Starting a business can be a big challenge for people in California and across the country. There are a lot of tasks to do when preparing for a launch. These can include securing premises, printing up business cards, setting up advertising and registering with the state and city. But before all of that, the most important step is deciding on a structure for the business.
There are multiple business structures to choose from. Sole proprietorships are the simplest way to organize a new enterprise. In this structure, there’s no division between personal and business assets. Limited liability companies, or LLCs, offer more protection for entrepreneurs. An LLC creates a separate business entity and shields the owners’ assets in the event of business liabilities.
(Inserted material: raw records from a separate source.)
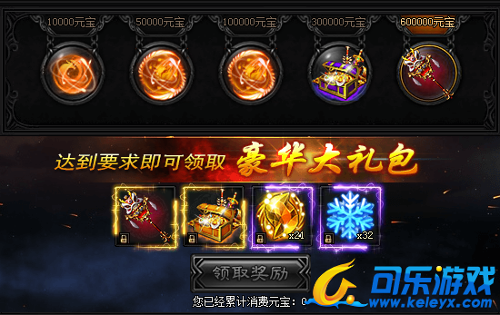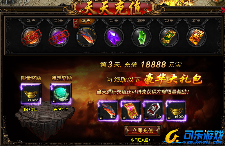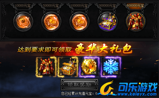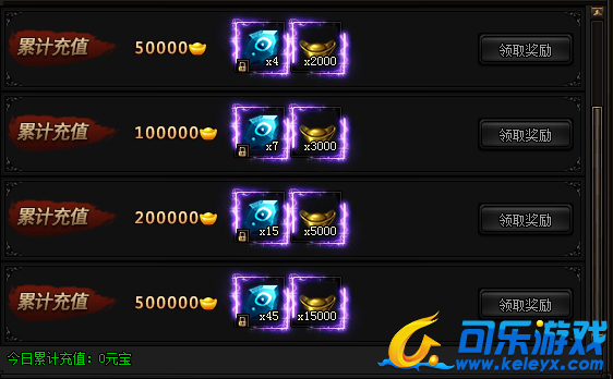 活动期间,每日累计充值指定数额元宝即可领取奖励!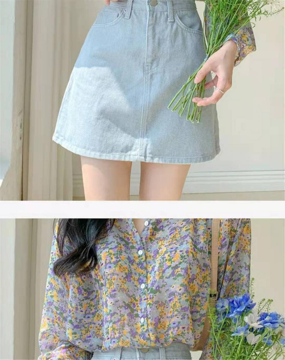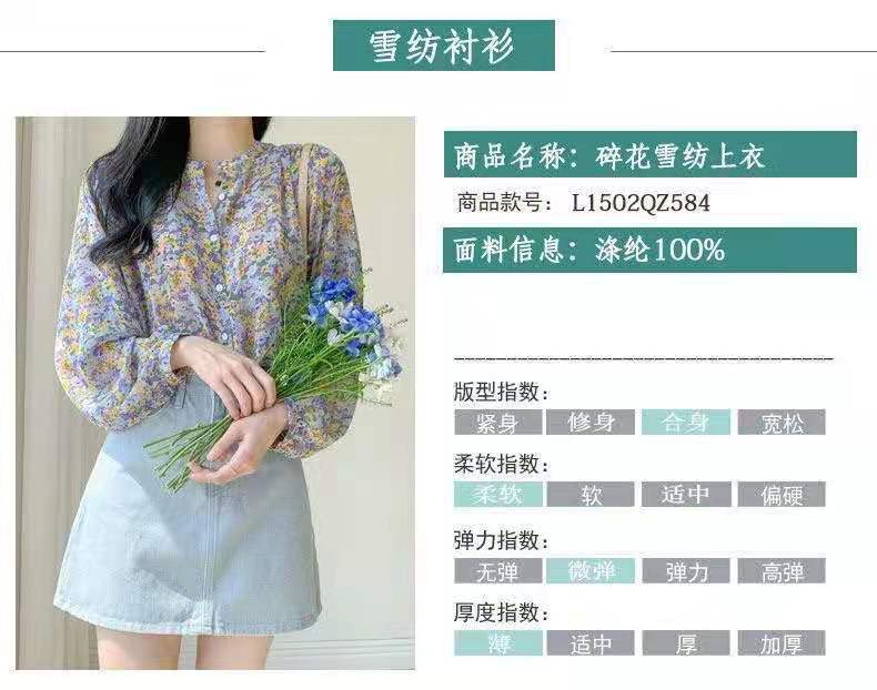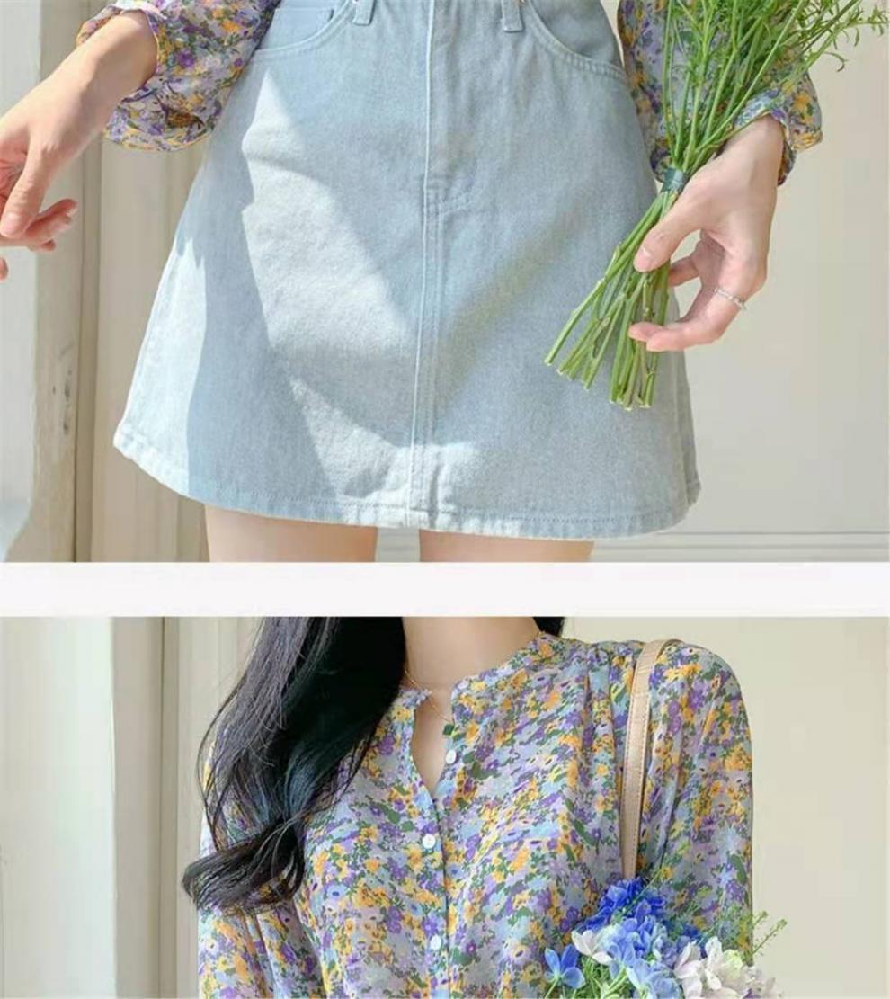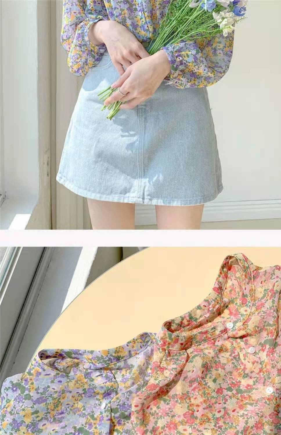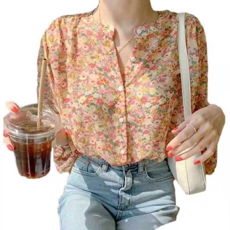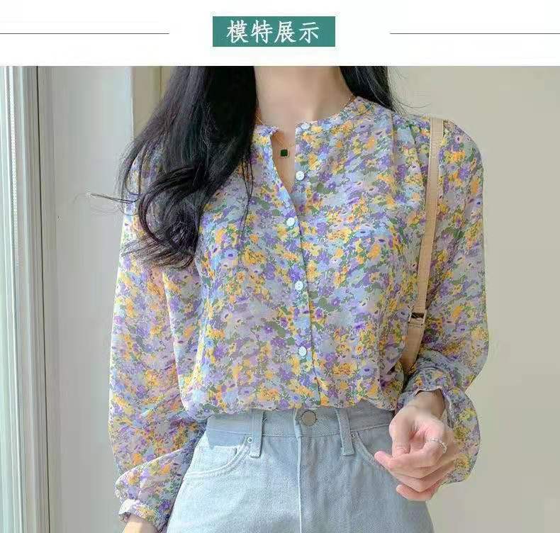 한국 세련된 달콤한 꽃 쉬폰 셔츠 여자의 봄 2023 새로운 디자인 감각 틈새 긴 소매 웨스턴 스타일 탑스토어 가기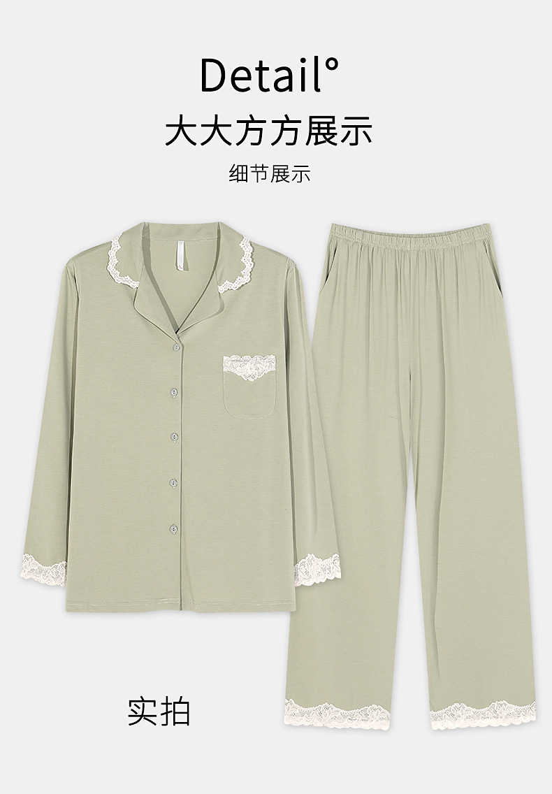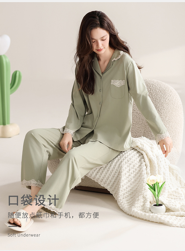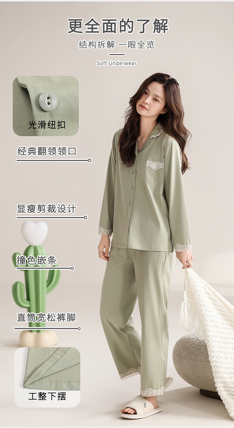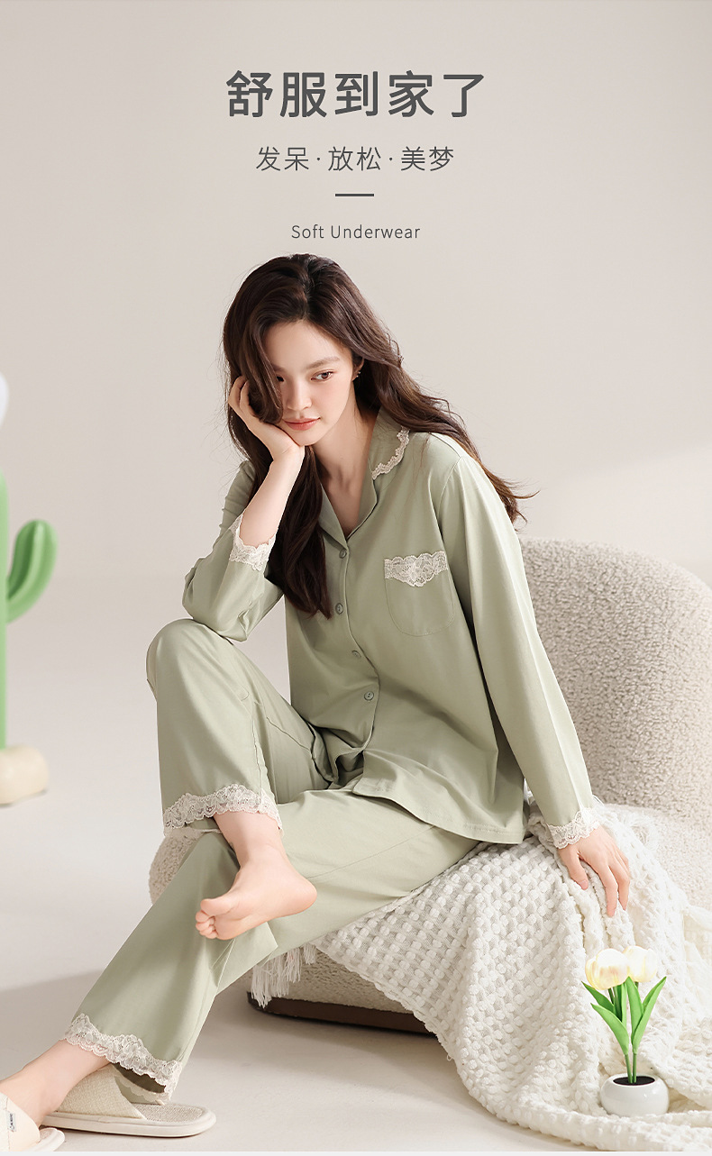 2024 새로운 도착 가을 잠옷 여성의 봄과 가을 순면 카디건 캐주얼 의류 솔리드 컬러 코튼 랙 홈 의류 세트

LLCs are regulated at the state level. The rules of operation can be slightly different in California when compared to other states. In general, most businesses can set up as LLCs. Exceptions to this include some businesses in the financial industry, like banks and insurance companies. LLCs can be set up by an individual, partners or even by another LLC. Foreign businesses can set up LLCs to do business in the United States.
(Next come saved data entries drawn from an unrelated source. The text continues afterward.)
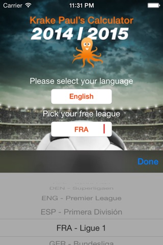 The app provides realistic, mathematically sound forecasts for football results of more than 20 different leagues (Champions League, Premier League, La Liga, Bundesliga, Serie A and Ligue 1, among others) for the season 2014/2015.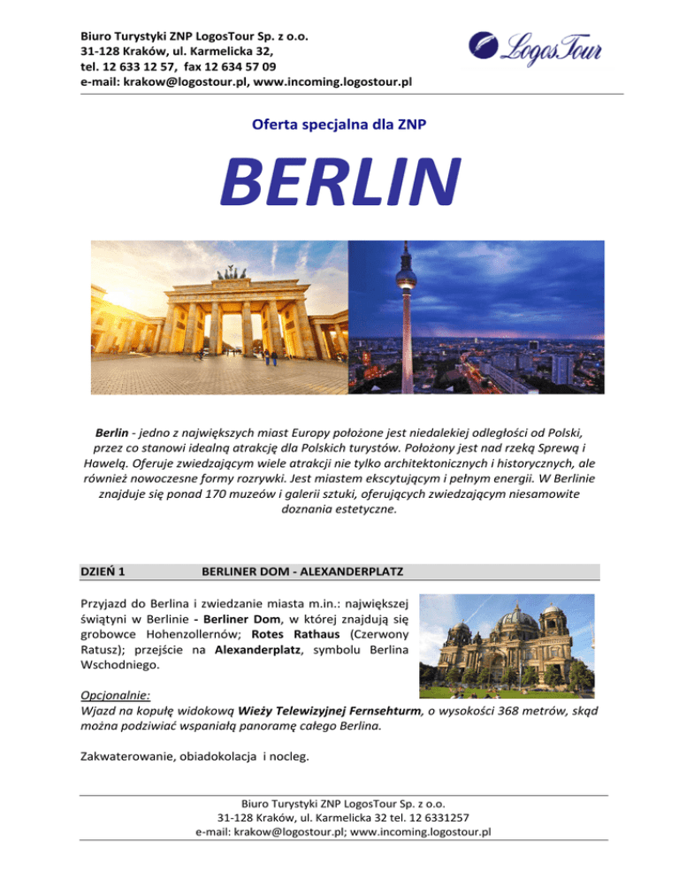 Biuro Turystyki ZNP LogosTour Sp. z o.o. 31-128 Kraków, ul. Karmelicka 32, tel. 12 633 12 57, fax 12 634 57 09 e-mail: [email protected], www.incoming.logostour.pl Oferta specjalna dla ZNP BERLIN Berlin - jedno z największych miast Europy położone jest niedalekiej odległości od Polski, przez co stanowi idealną atrakcję dla Polskich turystów. Położony jest nad rzeką Sprewą i Hawelą. Oferuje zwiedzającym wiele atrakcji nie tylko architektonicznych i historycznych, ale również nowoczesne formy rozrywki. Jest miastem ekscytującym i pełnym energii. W Berlinie znajduje się ponad 170 muzeów i galerii sztuki, oferujących zwiedzającym niesamowite doznania estetyczne. DZIEŃ 1 BERLINER DOM - ALEXANDERPLATZ Przyjazd do Berlina i zwiedzanie miasta m.in.: największej świątyni w Berlinie - Berliner Dom, w której znajdują się grobowce Hohenzollernów; Rotes Rathaus (Czerwony Ratusz); przejście na Alexanderplatz, symbolu Berlina Wschodniego. Opcjonalnie: Wjazd na kopułę widokową Wieży Telewizyjnej Fernsehturm, o wysokości 368 metrów, skąd można podziwiać wspaniałą panoramę całego Berlina. Zakwaterowanie, obiadokolacja i nocleg. Biuro Turystyki ZNP LogosTour Sp. z o.o. 31-128 Kraków, ul. Karmelicka 32 tel. 12 6331257 e-mail: [email protected]; www.incoming.logostour.pl DZIEŃ 2 BRAMA BRANDENBURSKA – REICHSTAG – UNTER DEN LINDEN Śniadanie. Dalsze zwiedzanie miasta, na trasie m.in.: Brama Brandenburska – wizytówka Berlina; Reichstag - obecnie gmach dostojnego XIX-wiecznego niemieckiego parlamentu Niemiec. Spacer aleją Unter den Linden najbardziej reprezentacyjną, ocienioną lipami ulicą Berlina na Wyspę Muzeów wpisaną na światową listę UNESCO – która stanowi dziś jeden z najważniejszych na świecie kompleksów muzealnych; Plac Poczdamski (główne centrum rozrywkowe Berlina). Opcjonalnie: • Zwiedzanie wnętrz jednego z berlińskich muzeów. Powrót do obiektu noclegowego. Obiadokolacja i nocleg. DZIEŃ 3 KOŚCIÓŁ PROTESTANCKI – CHARLOTTENBURG Śniadanie. Wykwaterowanie i wyjazd na dalsze zwiedzanie Berlina. W programie: pozostałości przypominającego o skutkach wojny protestanckiego kościoła Pamięci Cesarza Wilhelma. Charlottenburg - letnia rezydencja królów pruskich. Powrót do Polski w godzinach wieczornych. Cena od osoby: 425 zł Cena skalkulowana dla grupy 48 osób Termin: 2016 Cena zawiera: • 2 x nocleg w obiekcie klasy turystycznej • 2 x śniadanie • 2 x kolacja • Opiekę licencjonowanego pilota wycieczek podczas całego wyjazdu • Ubezpieczenie Signal Iduna KL, NNW, bagaż Biuro Turystyki ZNP LogosTour Sp. z o.o. 31-128 Kraków, ul. Karmelicka 32 tel. 12 6331257 e-mail: [email protected]; www.incoming.logostour.pl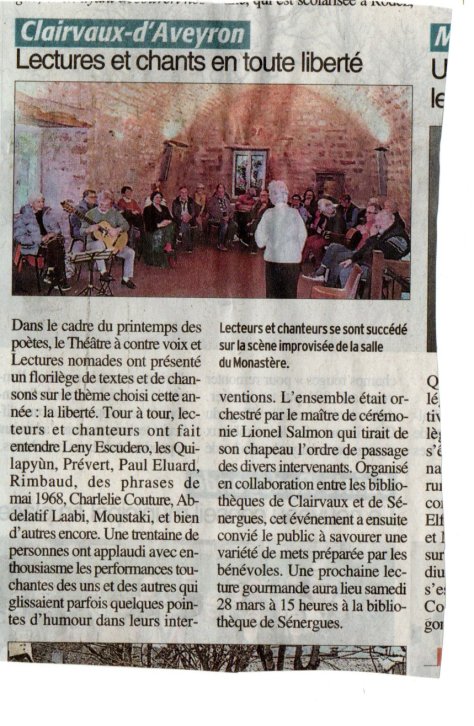 Le Théâtre à Contre Voix et Lectures Nomades ont présenté, dans la salle du Monastère, un florilège de textes et de chansons. Dans le cadre du Printemps des poètes, qui a cette année pour thème la liberté, lecteurs et chanteurs ont tour à tour fait entendre Leny Escudero, les Quilapyùn, Prévert, Paul Éluard, Rimbaud, des phrases de mai 1968, Charlelie Couture, Abdelatif Laabi, Moustaki, et bien d’autres encore. Tout cela devant environ une trentaine de personnes qui a applaudi avec enthousiasme les performances touchantes des intervenants. Où parfois l’humour se glissait ici et là. Tout ça orchestré par le maître de cérémonie Lionel Salmon qui, de son chapeau, par un tirage au sort, appelait les acteurs ou chanteurs.

LLCs are automatically classified by the IRS for tax purposes. The IRS may decide to treat an LLC as an individual, corporation or partnership. When businesses disagree with the way the IRS has classified them, they are able to appeal the decision.
Before forming an LLC, it may be a good idea to consult with an attorney experienced in business law. Business formation attorneys may be able to provide advice to entrepreneurs and predict how the IRS will regard a new entity.